Spark - Reading JSON from Partitioned Folders using Firehose

二次信任 提交于 2020-06-22 11:50:52

问题


Kinesis firehose manages the persistence of files, in this case time series JSON, into a folder hierarchy that is partitioned by YYYY/MM/DD/HH (down to the hour in 24 numbering)...great.

How using Spark 2.0 then can I read these nested sub folders and create a static Dataframe from all the leaf json files? Is there an 'option' to the dataframe reader?

My next goal is for this to be a streaming DF, where new files persisted by Firehose into s3 naturally become part of the streaming dataframe using the new structured streaming in Spark 2.0. I know this is all experimental - hoping someone has used S3 as a streaming file source before, where the data is paritioned into folders as described above. Of course would prefer straight of a Kinesis stream but there is no date on this connector for 2.0 so Firehose->S3 is the interim.

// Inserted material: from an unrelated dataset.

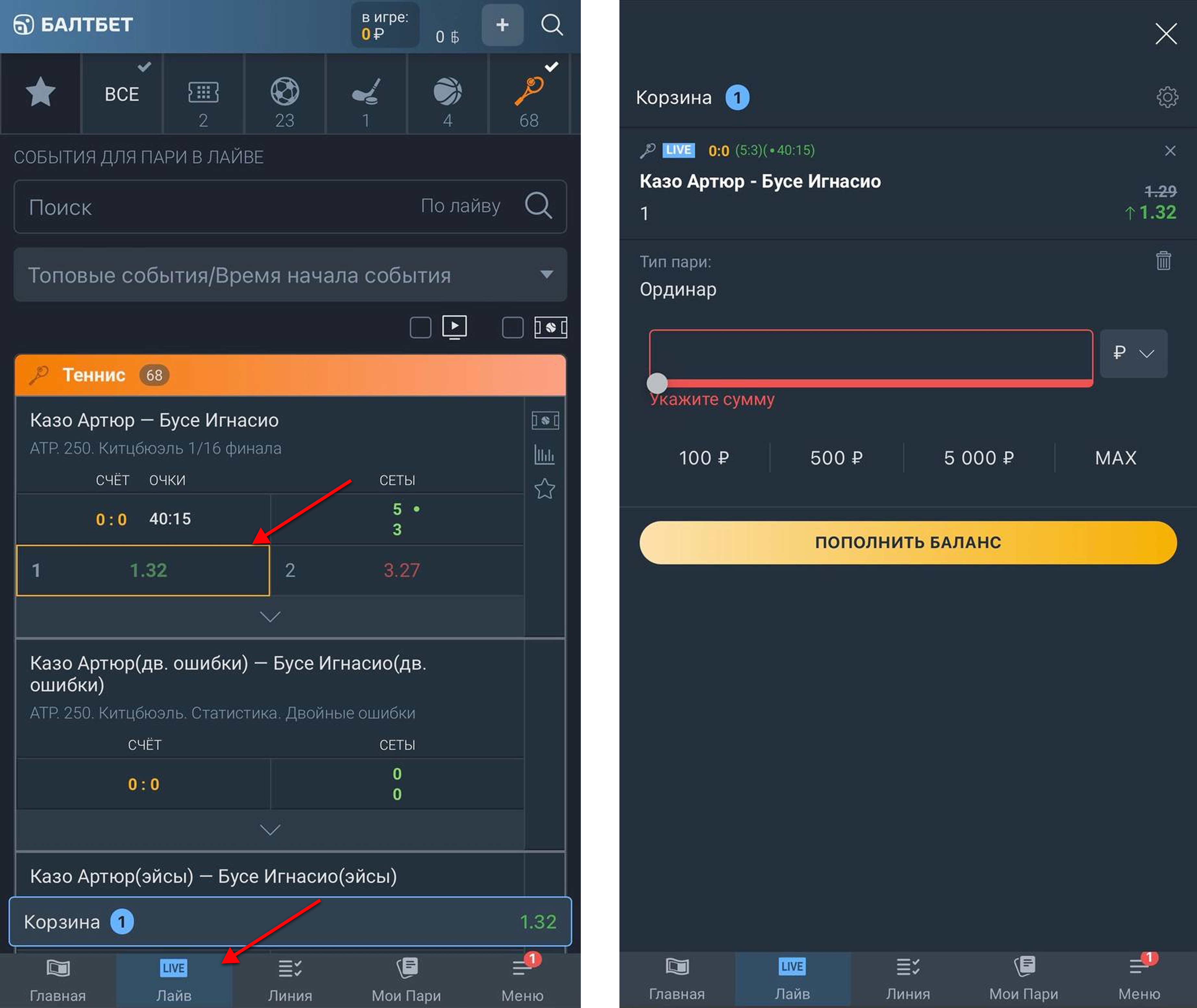 Чтобы сделать ставку в формате live на официальном сайте «Балтбет», выполните следующие действия:

ND: I am using databricks, which mounts S3 into DBFS, but could easily be EMR of course or other Spark providers. Be great to see a notebook too if one is shareable that gives an example.

Cheers!


回答1:


Can I read nested subfolders and create a static DataFrame from all the leaf JSON files? Is there an option to the DataFrame reader?

Yes, as your directory structure is regular(YYYY/MM/DD/HH), you can give the path till leaf node with wildcard chars like below

val spark: SparkSession = SparkSession.builder.master("local").getOrCreate

val jsonDf = spark.read.format("json").json("base/path/*/*/*/*/*.json")
// Here */*/*/*/*.json maps to YYYY/MM/DD/HH/filename.json 

Of course, would prefer straight of a Kinesis stream but there is no date on this connector for 2.0 so Firehose->S3 is the interim.

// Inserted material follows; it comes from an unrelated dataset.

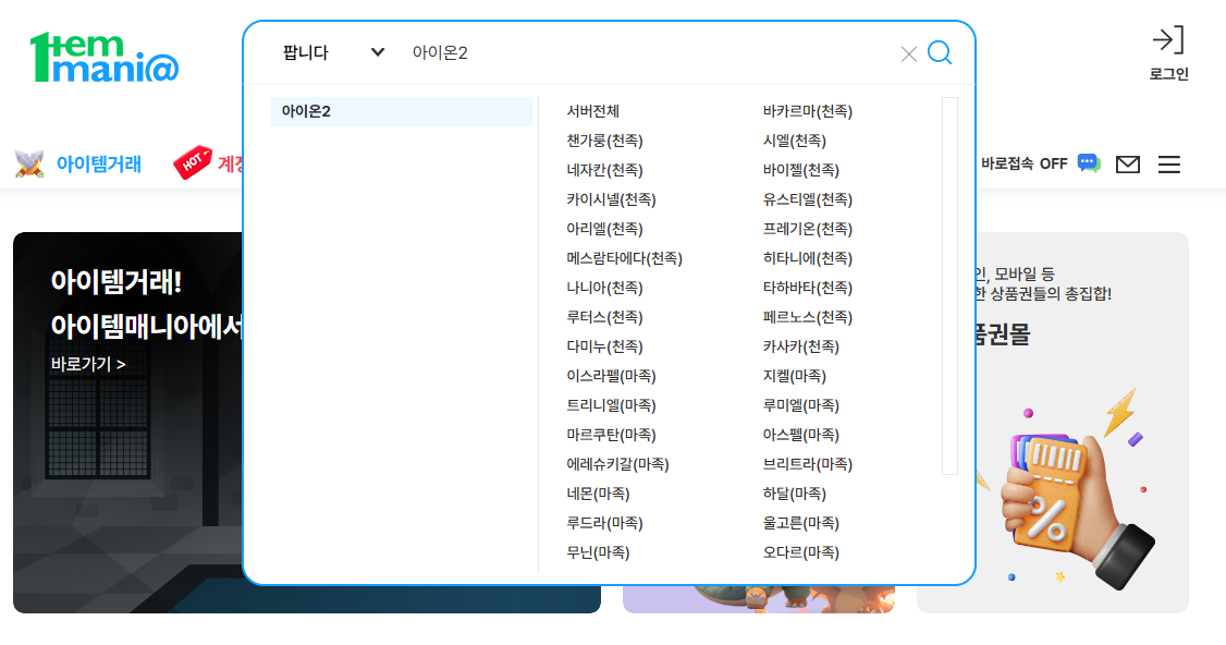 먼저 아이템매니아에 접속하면 상단 메뉴에서 아이온2 카테고리를 선택할 수 있습니다.

I could see there is a library for Kinesis integration with Spark Streaming. So, you can read the streaming data directly and perform SQL operations on it without reading from S3.

groupId = org.apache.spark
artifactId = spark-streaming-kinesis-asl_2.11
version = 2.0.0

Sample code with Spark Streaming and SQL

import org.apache.spark.streaming.Duration
import org.apache.spark.streaming.kinesis._
import com.amazonaws.services.kinesis.clientlibrary.lib.worker.InitialPositionInStream

val kinesisStream = KinesisUtils.createStream(
 streamingContext, [Kinesis app name], [Kinesis stream name], [endpoint URL],
 [region name], [initial position], [checkpoint interval], StorageLevel.MEMORY_AND_DISK_2)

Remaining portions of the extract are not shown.